20. Can you supply me with the 1961-1990 baseline for the data-set you have already sent me?

21. What are the details of your grid? Can I have just a grid, without the data?
22. Which stations did you use to construct the observed grids, and can I have them?
23. Where are the land-sea boundaries on your grid?
24. What is the elevation of each grid-box?
25. Can I re-interpolate your data onto a higher resolution grid?

26. There appears to be an increase in variability between CRU TS 1.0 and CRU TS 2.0. Why?


1. Are these data really free?
Yes - to all academic institutions. If you find the data-set useful, then you may be able to help us to improve and update the data-sets. There are two principal ways in which you might do this:

Contact me if you would like to help.

2. Can I share this data-set with colleagues in my institution?
Yes - I recognise that these are large files and that there is no point in people from the same institution downloading them repeatedly. However, I do still ask anyone who uses the data-set to send me their details, as if they were applying for access too. The details requested and the reasons are given on the request page. This is a condition of use.

3. Why has the file format changed, compared to previous versions?
The latest files were produced for a particular 'customer' (an EU consortium) who were keen to minimise data volumes. The time-based grids that I provided to them are more efficient than the space-based grids, because they eliminate the ocean grid points. The file format is described here.

To access the scenario data-sets (TYN SC 1.0 and 2.0) you must unpack the raw files. You may achieve the unpacking either by the supplied fortran software (requires Unix and possibly some programming), or else by doing the unpacking yourself. See the unpacking information. Unless you unpack as specified the data you deduce will be nonsense.

4. Can the observed data-sets be used for time-series analysis?
See the page on time-series analysis.

5. Can you give me climate variable (parameter) X, which you do not list?
No. I only supply the data described on the data-set pages. However, it is possible to derive estimates of some secondary variables from the supplied variables. You may use these empirical relationships if you wish.

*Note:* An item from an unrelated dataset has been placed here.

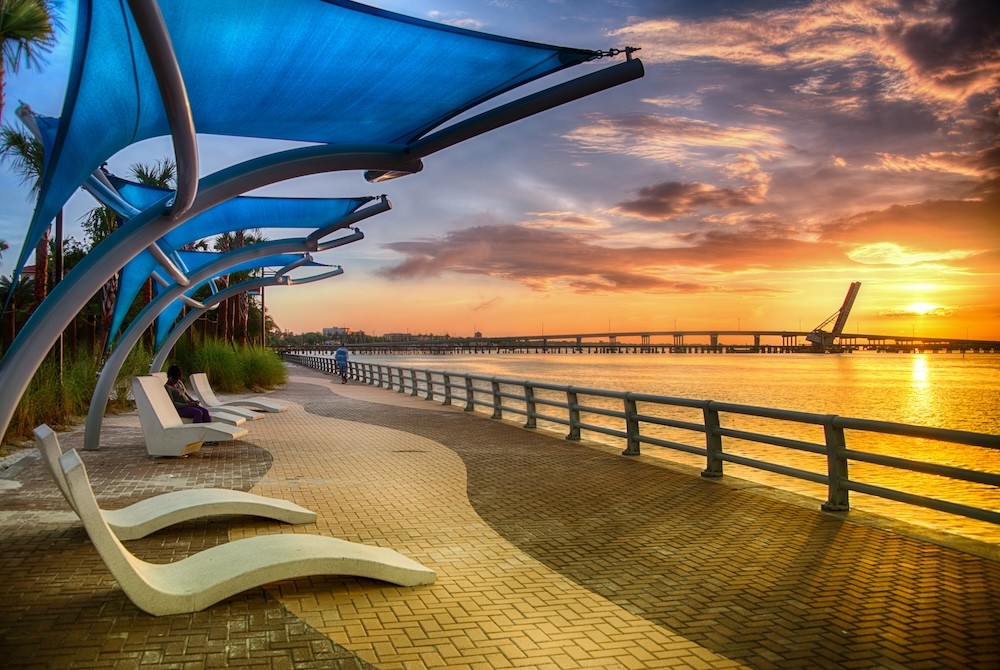 The Bradenton Riverwalk is a 2.03-mile stretch of land lying between the Green and DeSoto bridges along the banks of the Manatee River. It is a major expansion of Rossi Park. Visitors can enjoy a safe walking path along the river, fishing, interactive public art, a splash pad and playground, beach volleyball, a skateboard park, entertainment events and many educational activities along the way.

Please note that the values you calculate are not direct observations of climate, but are estimates based on empirical relationships with grids of observations. In particular, each of these secondary variables requires at least two different primary variables, each of which is interpolated separately. Therefore there is no guarantee that different variables at the same grid-box are physically consistent with each other, and it is possible that your calculations of the secondary variable may have values that are not physically possible. Because of the underlying basis of the data-sets, the empirical relationships will be much better for some locations and periods that for others. You are advised to check the quality of the calculated values before using them in any important work. You are responsible for your own use of these empirical relationships!

6. How do you make the scenarios from all the different data files in the scenario data-sets?
Either using the fortran software supplied, or using the instructions supplied. See the unpacking page for more information. You MUST unpack the data-set one way or the other; without that unpacking procedure the data you deduce will be nonsense. I do not provide any software support.

7. How are the temperature variables related to each other?
On a daily time-scale:
(1) DTR = Tmax - Tmin
(2) Tmean = Tmin + (DTR/2)
The monthly data are the monthly means of the daily values.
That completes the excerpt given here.